Soy Leaders Collaborate to Grow International Demand for Future.
Farmer investments in international markets produced strong results in the 2017/2018 marketing year, despite trade dynamics developing as the export period closed. According to the U.S. Census Bureau, U.S. soybean farmers exported a record-breaking 2.6 billion bushels of U.S. soy and soy products, valued at more than $28 billion last market year. The U.S. also set a new record high in combined volume of the whole soybeans, soybean meal and soybean oil exported in 2017/2018, with soybean meal exports accounting for the greatest growth.
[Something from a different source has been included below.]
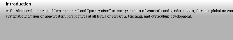書目名稱 | Societies in Transition — Challenges to Women’s and Gender Studies | 編輯 | Heike Fle?ner,Lydia Potts | 視頻video | http://file.papertrans.cn/871/870171/870171.mp4 | 叢書名稱 | Studien Interdisziplin?re Geschlechterforschung | 圖書封面 |  | 描述 | Currently, women‘ sand gen der studies programs exist in many countries around the world. It is a crucial task for the future of this still emerging disci- pline to enhance international communication and cooperation between study programs, students, scholars, activists, and professionals. If we consider the ideals and concepts of "emancipation" and "participation" as core principles of women‘ sand gen der studies, then our global networking requires system- atic inclusion of non-western perspectives at all levels of research, teaching, and curriculum development. The international conference "Societies in Transition - Challenges to Women‘s and Gender Studies," held at Carl von Ossietzky Universit?t Oldenburg, Germany, from June 28 through July 1,2001, was intended as a step in this direction, bringing together speakers - all represented in this book - from a variety of countries: Poland and Hungary, Great Britain and New Zealand, India and Nepal, South Africa, Jordan, Turkey and Yemen. Although this list might at first appear arbitrary, its composition was both carefully and intentionally constructed. As organizers, we knew that a com- paratively sm all conference could not entert | 出版日期 | Book 2002 | 關(guān)鍵詞 | AIDS; ETA; European Union (EU); IRA; Nation; development; education; gender; gender Mainstreaming; gender Stu | 版次 | 1 | doi | https://doi.org/10.1007/978-3-663-11375-1 | isbn_softcover | 978-3-8100-3529-5 | isbn_ebook | 978-3-663-11375-1 | copyright | Springer Fachmedien Wiesbaden 2002 |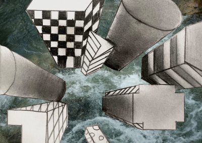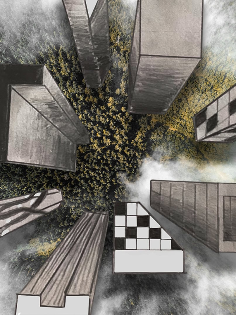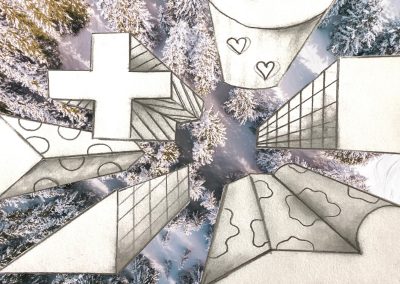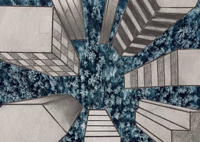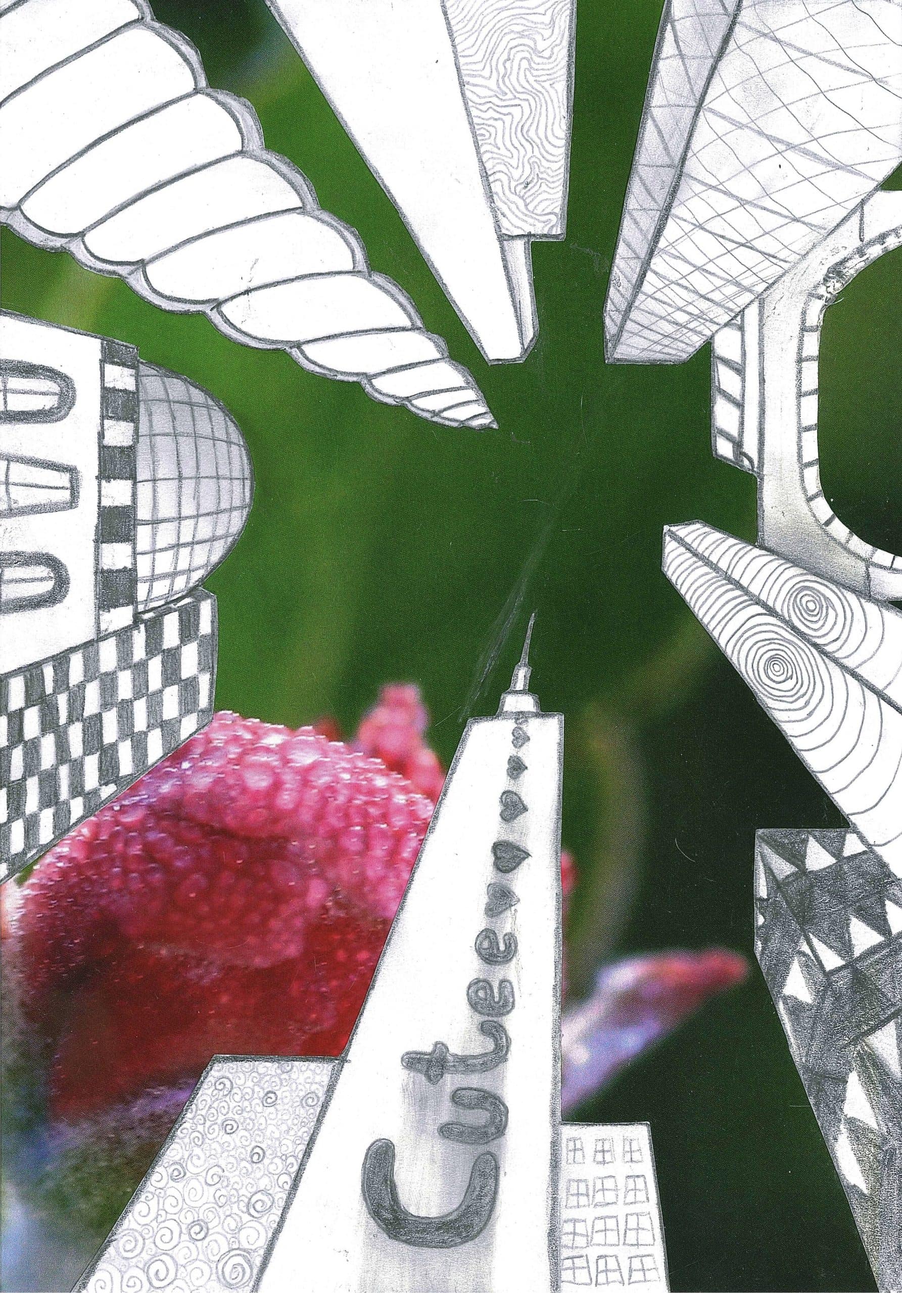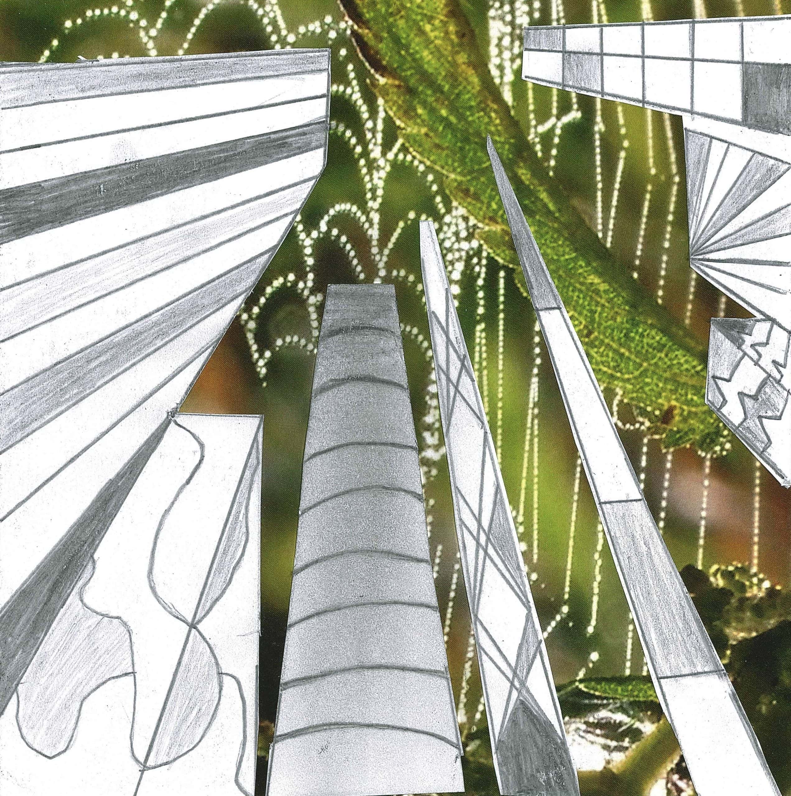 Um die Illusion eines dreidimensionalen Raumes weiter zu verstärken, fügte jeder Einzelne ein Foto als Hintergrund hinzu. Dazu wurden die Hochhäuser entweder ausgeschnitten und auf die farbigen Hintergrundmotive geklebt, oder am eigenen iPad mithilfe von Adobe Photoshop auf die Fotografien digital montiert.

Derek Haigwood, a soybean farmer from Newport, Arkansas and chairman of U.S. Soybean Export Council (USSEC) and director for United Soybean Board (USB), said he expects to see the impact of trade issues in the next, 2018/2019, marketing year. Exports during the 2017/2018 marketing year would not have been largely impacted by the tariffs introduced by China as shipments abroad normally take place after harvest (October-December).
USSEC recently initiated the “What it Takes” strategy to grow U.S. soybean demand worldwide and mitigate export losses to China. The program provides opportunities for industry experts and farmers to remind buyers about the intrinsic feed value of U.S. soy, mainly its exceptional amino acid content, the nation’s reliable transportation system and sustainable farming practices.
“Particularly at a time when global trade flows have dramatically changed, it is critical that we ensure access in all markets that want to purchase U.S. soybeans and soy products,” states Haigwood. Keith Tapp, chair of USB and farmer from Sebree, Kentucky, says the dedication to opening new markets for soy has been and will remain a priority USB investment and support.
“Our work to build the preference for U.S. soy is more important than ever,” he says. “Soy production is growing worldwide, and we continue to work across borders, industries and disciplines to find and develop markets for U.S. soy products.” In cooperation with USB and USSEC, the American Soybean Association (ASA) is a key partner in the collaboration to expand international markets for soy. ASA continues to advocate that President Donald Trump’s administration and Congress maintain current market access through passage of the USMCA as well as negotiate new free trade agreements to build additional market access for U.S. soybeans.
“U.S. soy is exported to more than 100 markets today,” Liz Hare, executive director of ASA’s World Initiative for Soy in Human Health program (WISHH) says, “and there are opportunities in emerging markets with lots of room to grow.”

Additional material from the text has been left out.